Where the line containing "長期修繕計画書を入手したら、" appears in the records below, begin there and repeat each line exactly through the final one, dropping all pictures.

Data excerpts
======

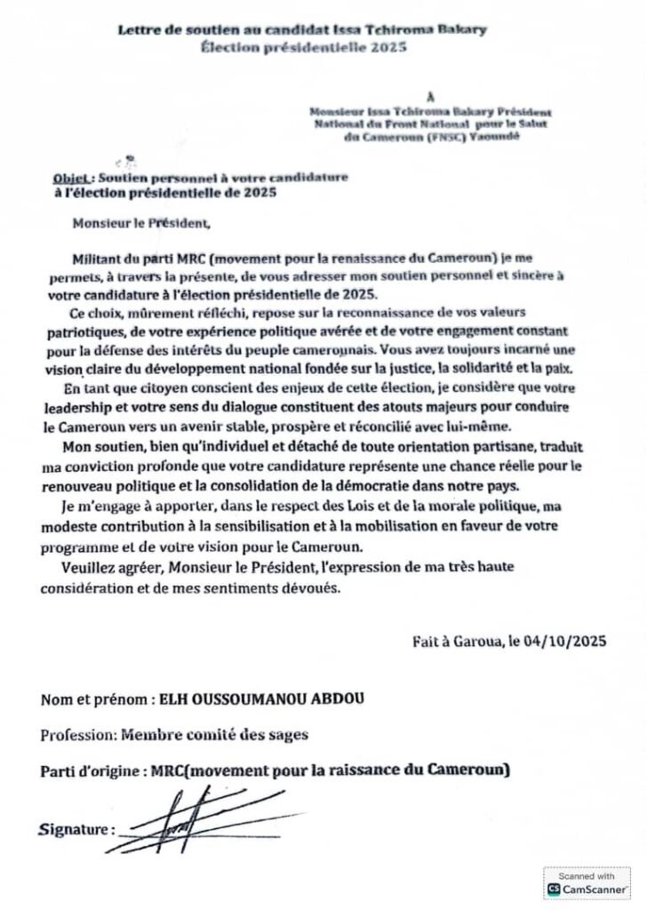Dans sa lettre adressée au candidat du FNSC, Elh Oussoumanou justifie son engagement par la reconnaissance des valeurs patriotiques, de l’expérience politique et du leadership rassembleur d’Issa Tchiroma Bakary. « Vous avez toujours incarné une vision claire du développement national fondée sur la justice, la solidarité et la paix », a-t-il écrit, saluant un homme politique constant dans la défense des intérêts du peuple camerounais.
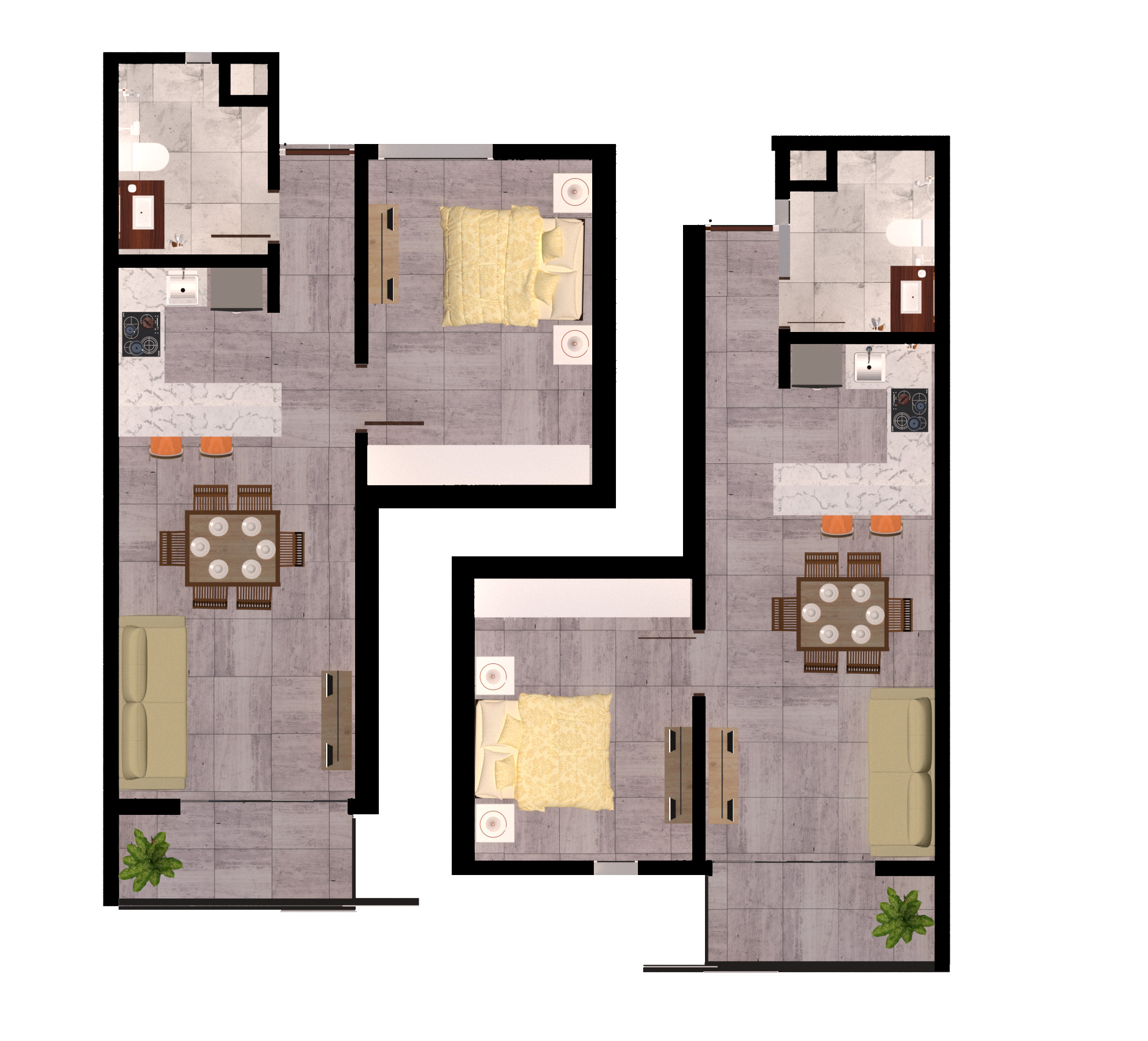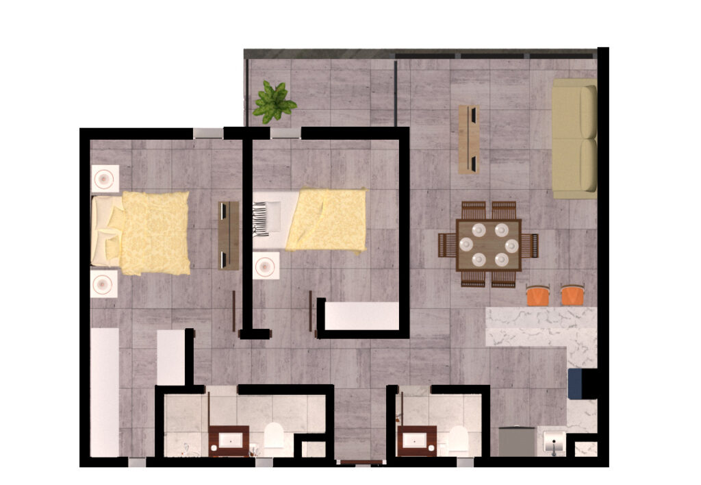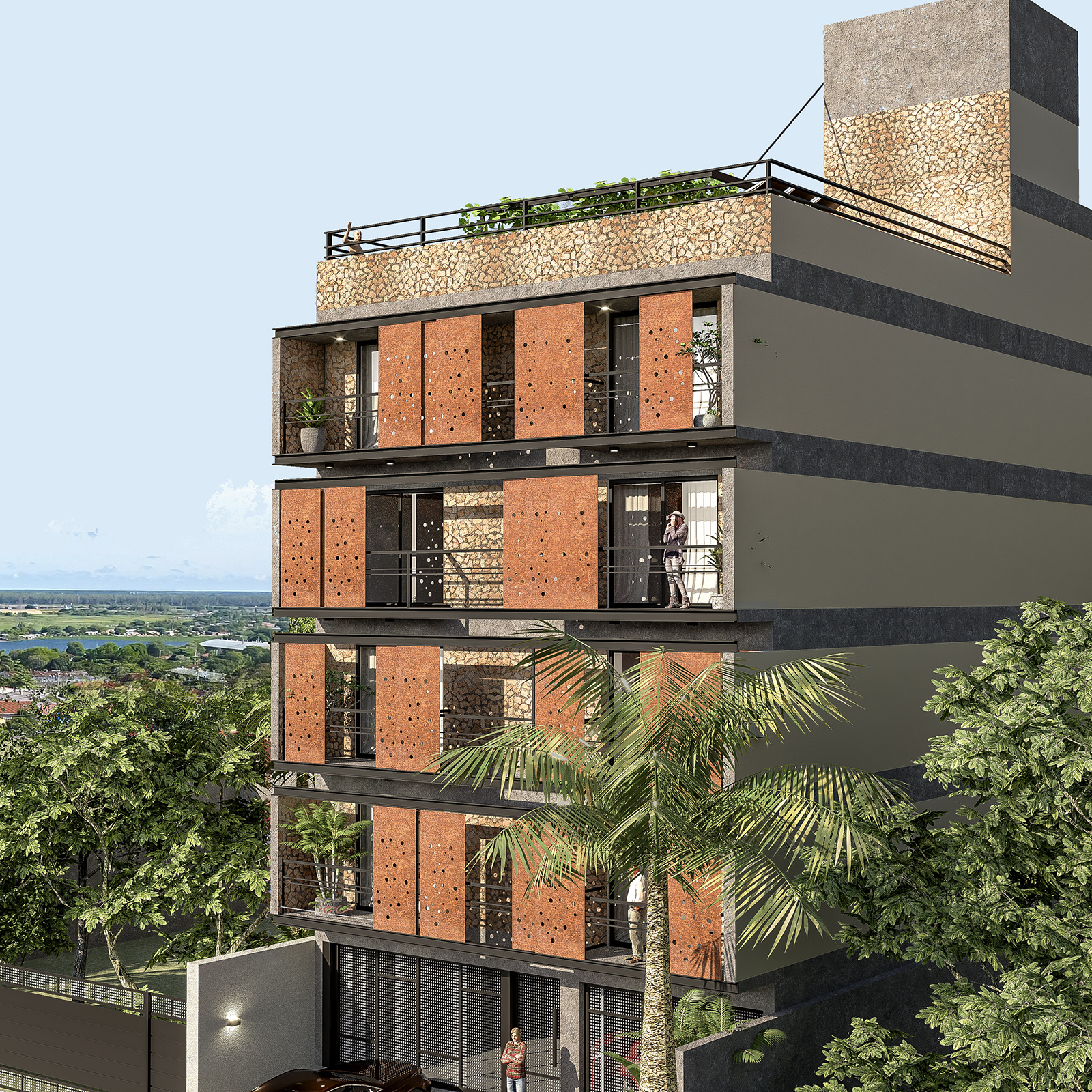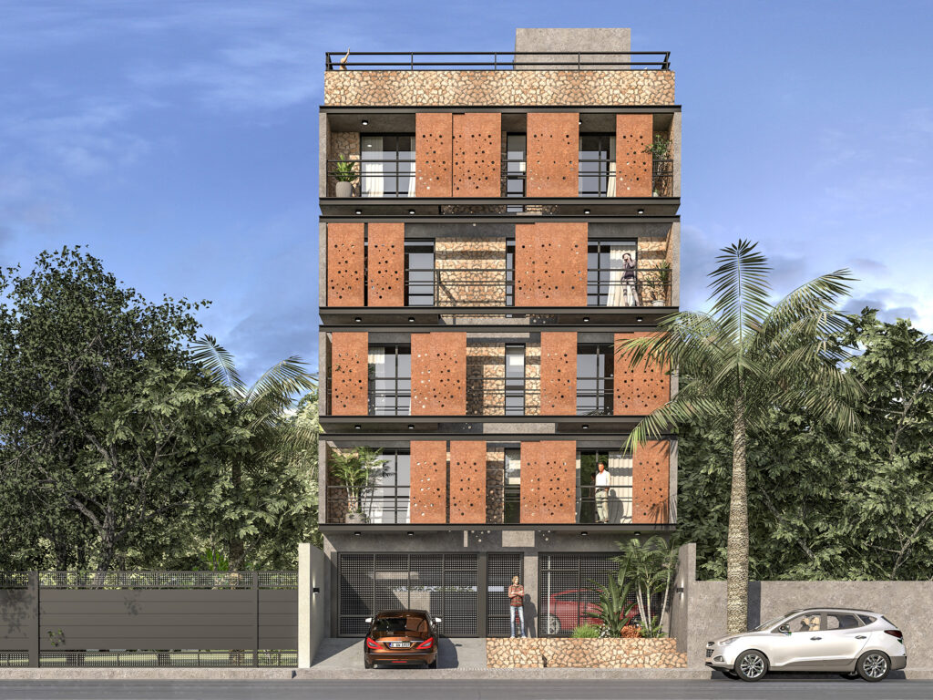 Con solo 12 departamentos distribuidos en 4 niveles, el proyecto propone una experiencia residencial privada, silenciosa y consciente. Aquí, la calidad no se expresa en exceso, sino en decisiones precisas: proporción, luz, ventilación y materia.
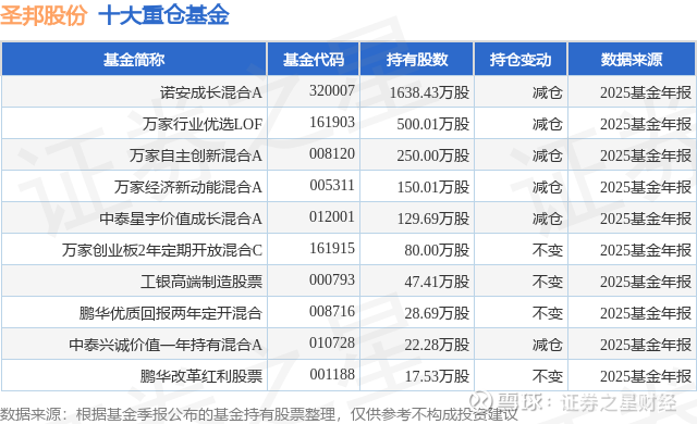 重仓圣邦股份的前十大公募基金请见下表:
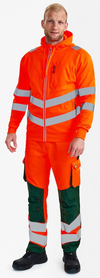 Funktionelle, fluoreszierende Sweatcardigan im modernen, attraktiven Design mit Stretchfutter. Leicht angerauter Innenseite, was den Stoff weich und angenehm macht. Reflektierender Reißverschluss vorne. Zwei geräumige Seitentaschen sowie eine Brusttasche, jeweils mit Reißverschluss. Die Sweat-Cardigan hat eine Waffelstruktur auf Vorderseite und Kapuze. Rippstrick an Ärmeln und Saum unten. Dehnbare Reflexstreifen über die Schulterpartie hinweg sowie rund um Ärmel und Taille. Bekleidungsklasse 2. Nach 25 mal Waschen getestet.
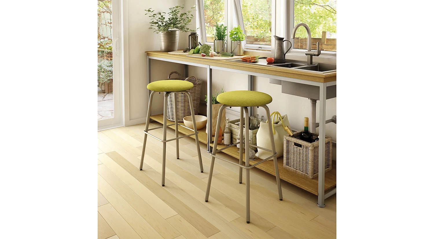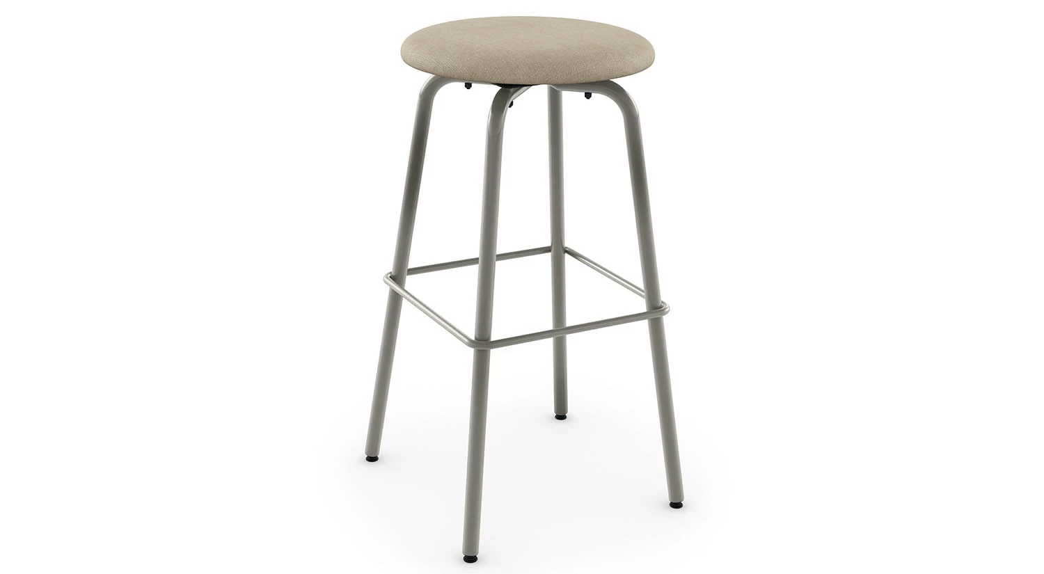 The Button stools by Amisco feature a modern look with metal legs and an upholstered seat.
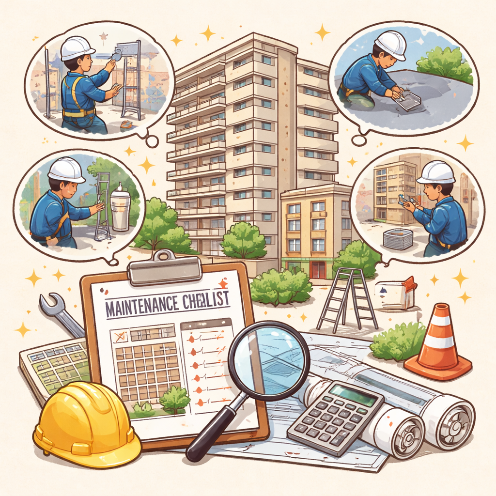 長期修繕計画書を入手したら、まず確認すべきは次回の大規模修繕がいつ予定されているかです。一般的に大規模修繕は12年から15年周期で実施されますが、築年数と照らし合わせて、直近の実施時期や次回の予定時期を把握しましょう。
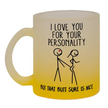 I Love you for your personality, Κούπα γυάλινη δίχρωμη με βάση το κίτρινο ματ, 330ml
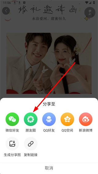 4、在分享菜单中,选择朋友圈选项,即可跳转至微信朋友圈发布界面,编辑后发布请帖内容。
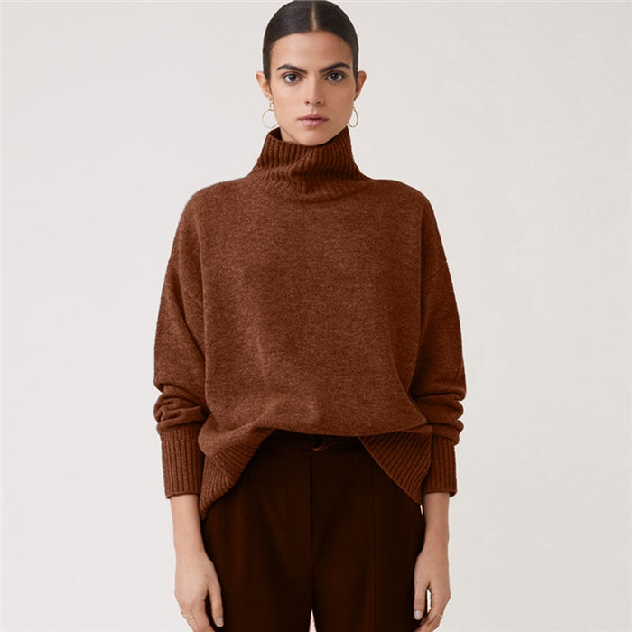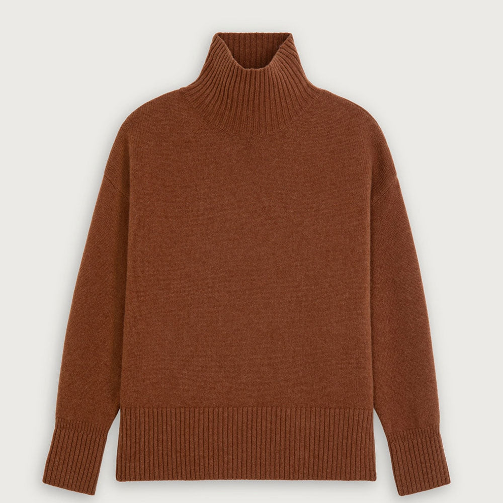This classic cosy knit will become an autumnal essential. In a rich chocolate brown colour, this luxury knit can be layered under coats and paired with jeans and skirts for versatile outfits.

======

Your response
 長期修繕計画書を入手したら、まず確認すべきは次回の大規模修繕がいつ予定されているかです。一般的に大規模修繕は12年から15年周期で実施されますが、築年数と照らし合わせて、直近の実施時期や次回の予定時期を把握しましょう。
 I Love you for your personality, Κούπα γυάλινη δίχρωμη με βάση το κίτρινο ματ, 330ml
 4、在分享菜单中,选择朋友圈选项,即可跳转至微信朋友圈发布界面,编辑后发布请帖内容。
This classic cosy knit will become an autumnal essential. In a rich chocolate brown colour, this luxury knit can be layered under coats and paired with jeans and skirts for versatile outfits.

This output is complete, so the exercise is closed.